The IPO Buzz: Dancing with LULU

 
Topping a list of seven deals are an athletic apparel designer and retailer and a Bermuda-based reinsurance provider. The calendar is looking to raise about $1.3 billion.
 
Lululemon Athletica (Nasdaq: LULU proposed) is a Vancouver, British Columbia-based designer and retailer of women’s clothing designed for yoga, dance. It operates about 60 franchised and company-owned stores, mostly in Canada.
 
Lululemon plans to price 18.2 million shares at $10 to $12 each to raise $200.2 million. The IPO is expected to start trading on Friday, July 27.
 
Here’s the buzz: Lululemon’s revenues and profits are soaring. For the fiscal year ended on January 2007, the company reported revenues of $148.9 million, up from $84.1 million in 2006, and up from $40.7 million in 2005. And Lululemon is profitable. For the year ended January 2007, the company reported net income of $7.6 million, up from $1.4 million in 2006, and a loss of $1.4 million in 2005.
 
People have been comparing Lululemon with Under Armour (NYSE UA), the Baltimore-based athletic designer and retail apparel company. On Nov. 11, 2005, Under Armour priced its IPO at $13 per share. It closed its opening day at $25.30 and ended at $55.12 on July 20, 2007, UP 324 percent from its initial offering price.
 
Validus Holdings Ltd. (NYSE: VR proposed), is a Hamilton, Bermuda-based holding company that operates through its subsidiary, Validus Re. The company offers property and casualty reinsurance to insurers in the United States, Europe and Latin America. In addition, Validus provides reinsurance for aerospace, energy and marine, personal risk, and workers’ compensation catastrophe purposes.
 
Validus plans to price 15.7 million shares at $24 to $26 each to raise $391.5 million. The IPO is expected to start trading on Wednesday, July 25.
 
The story about this one is that it is on the IPO  professionals’ “Most Wanted” list at press time. Not all the reinsurance IPOs have worked, but the last one did. It was Greenlight Capital Re (Nasdaq: GLRE), based in the Cayman Islands. Its IPO was priced at $19 per share on May 23. That was above its filing range of $16 to $18 per share.

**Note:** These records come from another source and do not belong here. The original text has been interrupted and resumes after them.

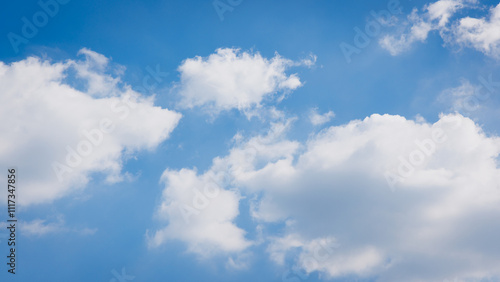 Fototapeta premium Blue and cloudy clear sky background. White fluffy cloud in nature cloudscape...
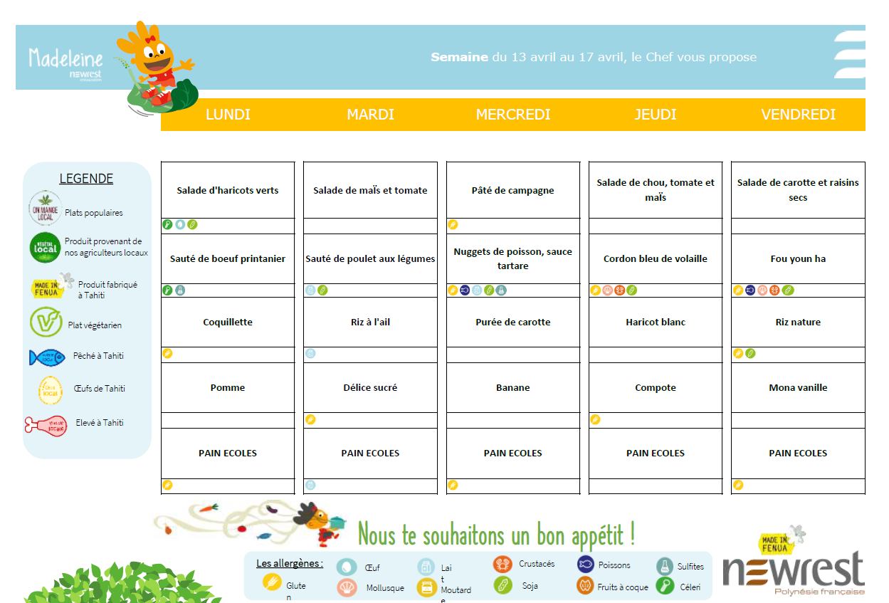 Ia ora na à tous, veuillez trouver ci-dessous les repas des écoles du 13 au 17 avril et les collations des écoles maternelles prévues pour toute la période du 13 avril au 20 mai 2026.
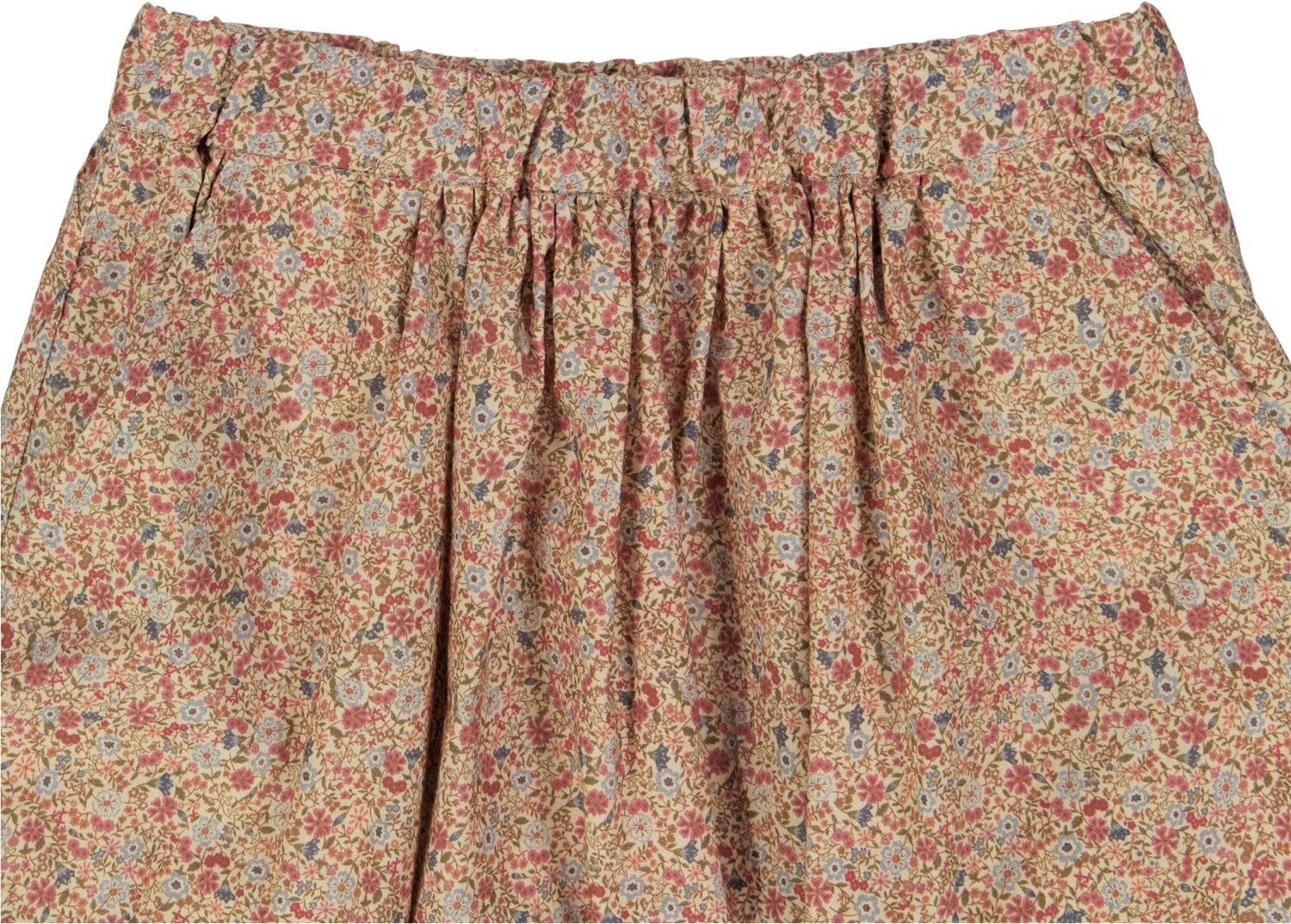 Vid nederdel i vævet bomuld i det fineste print. Nederdelen har rynkeeffekt i livet og lommer.

It closed its opening day at $24.03 and ended on Friday, July 20, at $23.02, still up 21.2 percent.
 
The Week That Was
Last week, let’s just say that some things didn’t go as planned. On Thursday morning, July 19, Kevin R. Davis, CEO of MF Global Ltd. (NYSE: MF), stepped up to the podium and rang the opening bell at the New York Stock Exchange to celebrate launching his company’s IPO. It crashed on take-off.
 
The deal was priced at $30 per share, down sharply from its original filing range of $36 to $39. The IPO opened at $29.37 and went south. MF Global closed Friday at $26.55, DOWN 11.5 percent from its offering price, a victim of the subprime meltdown, according to published reports.
 
By Friday’s close, the Dow Jones U.S. Specialty Finance Index was starting to snuggle up to a bear market. It closed at 134.72, DOWN 18.9 percent from 166.08 on Feb. 22. A bear market comes into play with a 20 percent pullback from a previous closing high.
 
That, of course, places a question mark on the KKR and Och-Ziff Management Group offerings.
 
But Thursday was not – repeat, NOT — a complete disaster.
 
On Thursday afternoon, Jitemdra S. Saxen, CEO and co-founder of Netezza (NYSE: NZ), stepped up to the podium and rang the closing bell at the New York Stock Exchange to celebrate launching his company’s IPO. It soared on take-off.
 
The deal was priced at $12 per share, up from its filing range of $9 to $11. The IPO opened at $15, closed its opening day at $17.39, and finished on Friday at $17.24, UP 43.7 percent from its offering price.
 
What’s the message? Technology IPOs were still in play. (Netezza calls itself the leader in the global data warehouse applicance market. Its claim to fame, according to its Web site: If your company is drowning in data, its products help you track and analyze what you need – fast.)